◆ Exercise input ◆
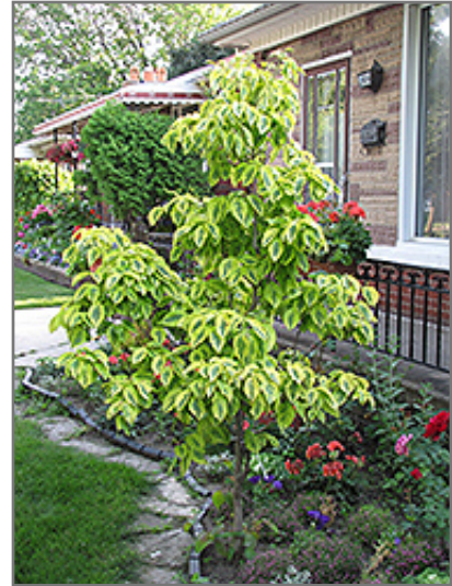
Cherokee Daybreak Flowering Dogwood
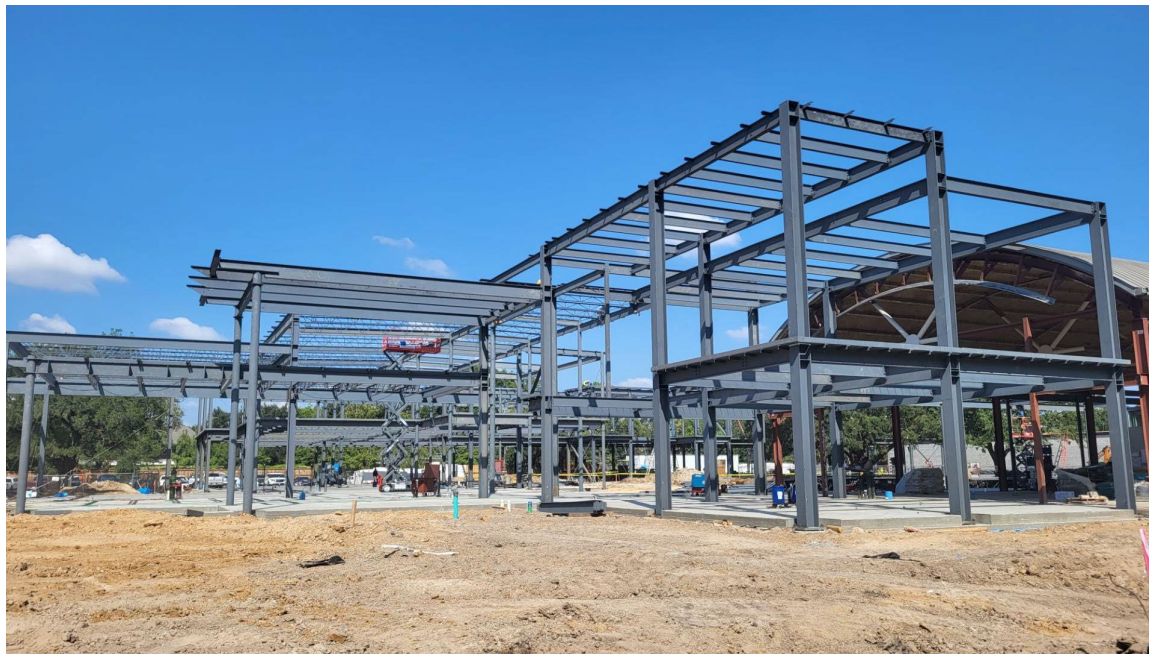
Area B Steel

==

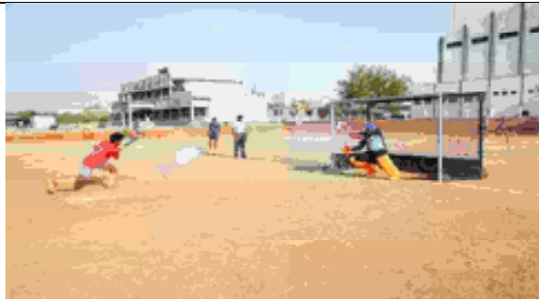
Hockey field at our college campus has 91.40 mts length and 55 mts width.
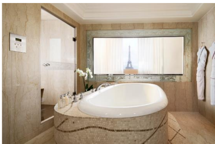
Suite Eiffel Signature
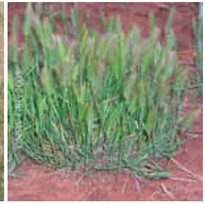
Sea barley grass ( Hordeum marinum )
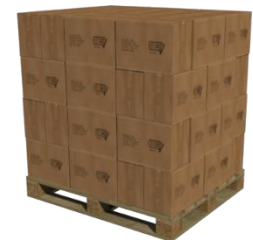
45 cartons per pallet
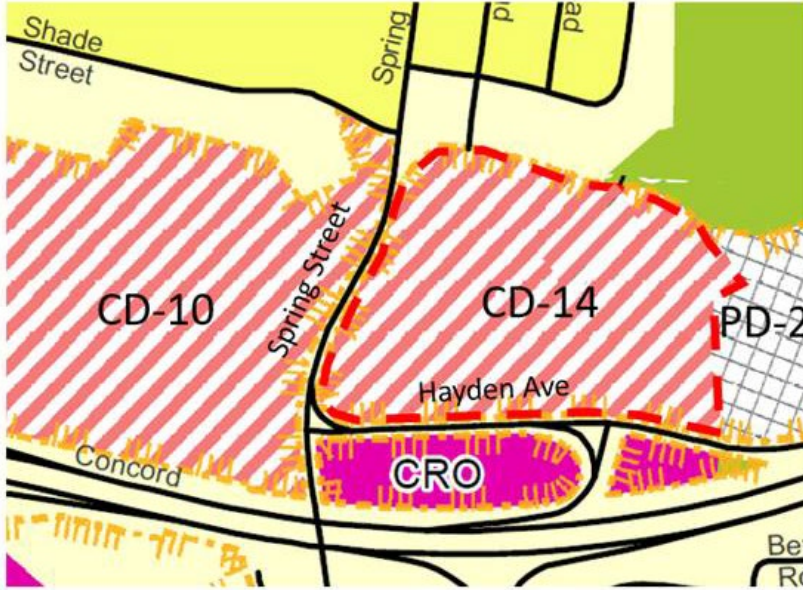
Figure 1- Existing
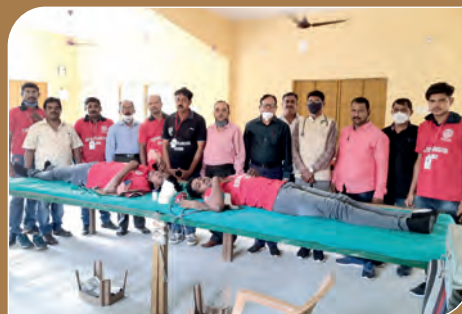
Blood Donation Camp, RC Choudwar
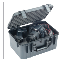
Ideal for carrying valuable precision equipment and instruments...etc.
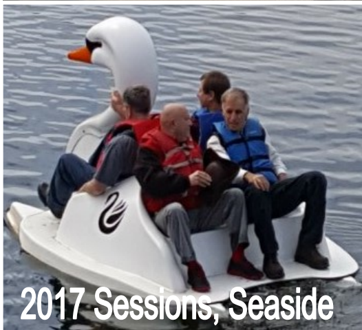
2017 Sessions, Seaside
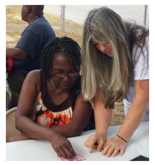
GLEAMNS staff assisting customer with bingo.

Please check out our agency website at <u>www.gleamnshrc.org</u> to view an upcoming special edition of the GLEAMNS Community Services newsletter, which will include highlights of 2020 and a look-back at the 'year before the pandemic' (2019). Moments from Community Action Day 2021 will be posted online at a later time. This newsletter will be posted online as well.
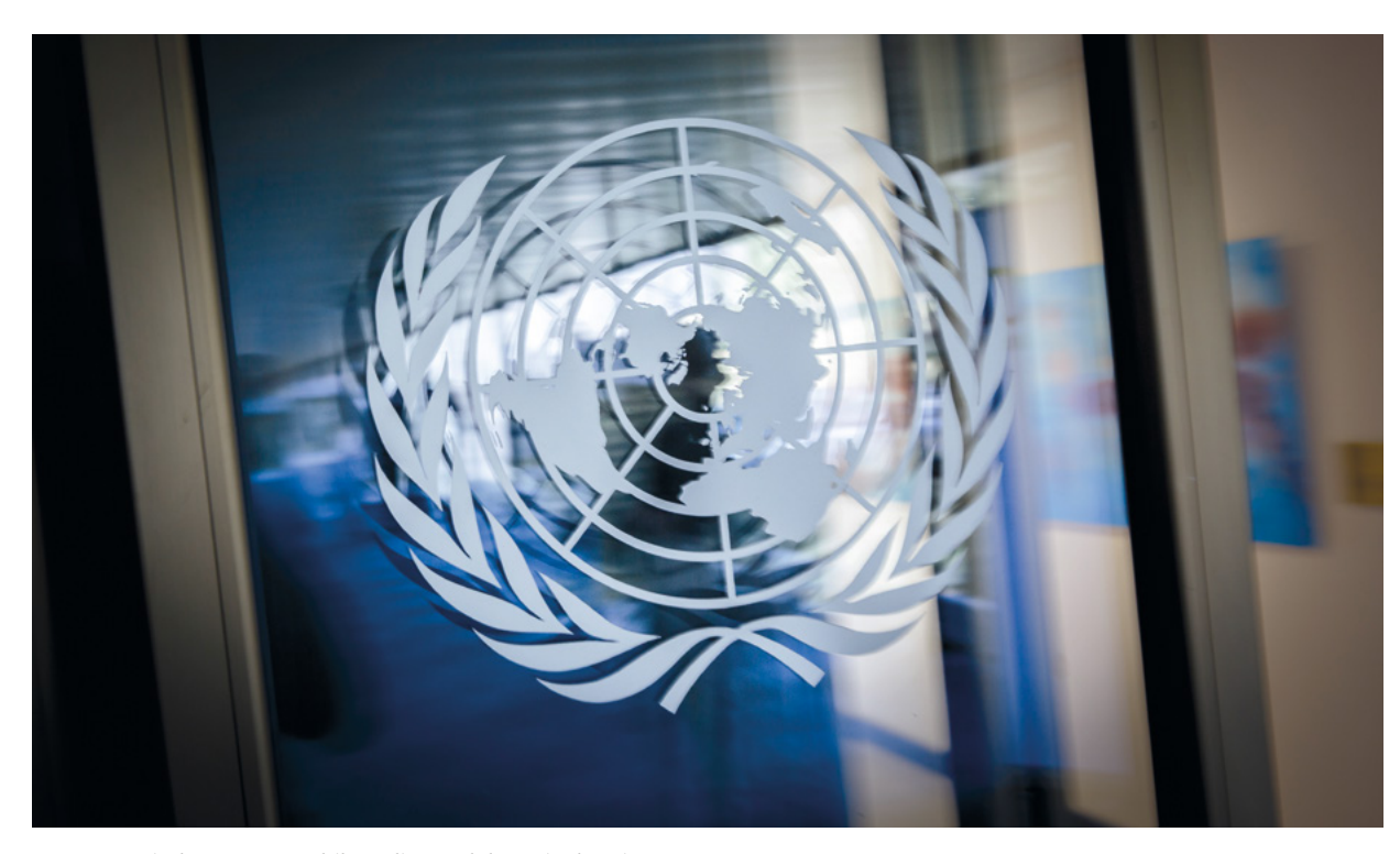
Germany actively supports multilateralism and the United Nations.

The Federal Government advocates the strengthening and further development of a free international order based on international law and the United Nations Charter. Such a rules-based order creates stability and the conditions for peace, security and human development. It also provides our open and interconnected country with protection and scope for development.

◆ Exercise details ◆
From the entries above, copy exactly the lines starting at the one with "Cherokee Daybreak Flowering Dogwood" and stopping at the one with "Area B Steel", keeping both ends. Drop the pictures.

◆ Output for this exercise ◆
Cherokee Daybreak Flowering Dogwood
Area B Steel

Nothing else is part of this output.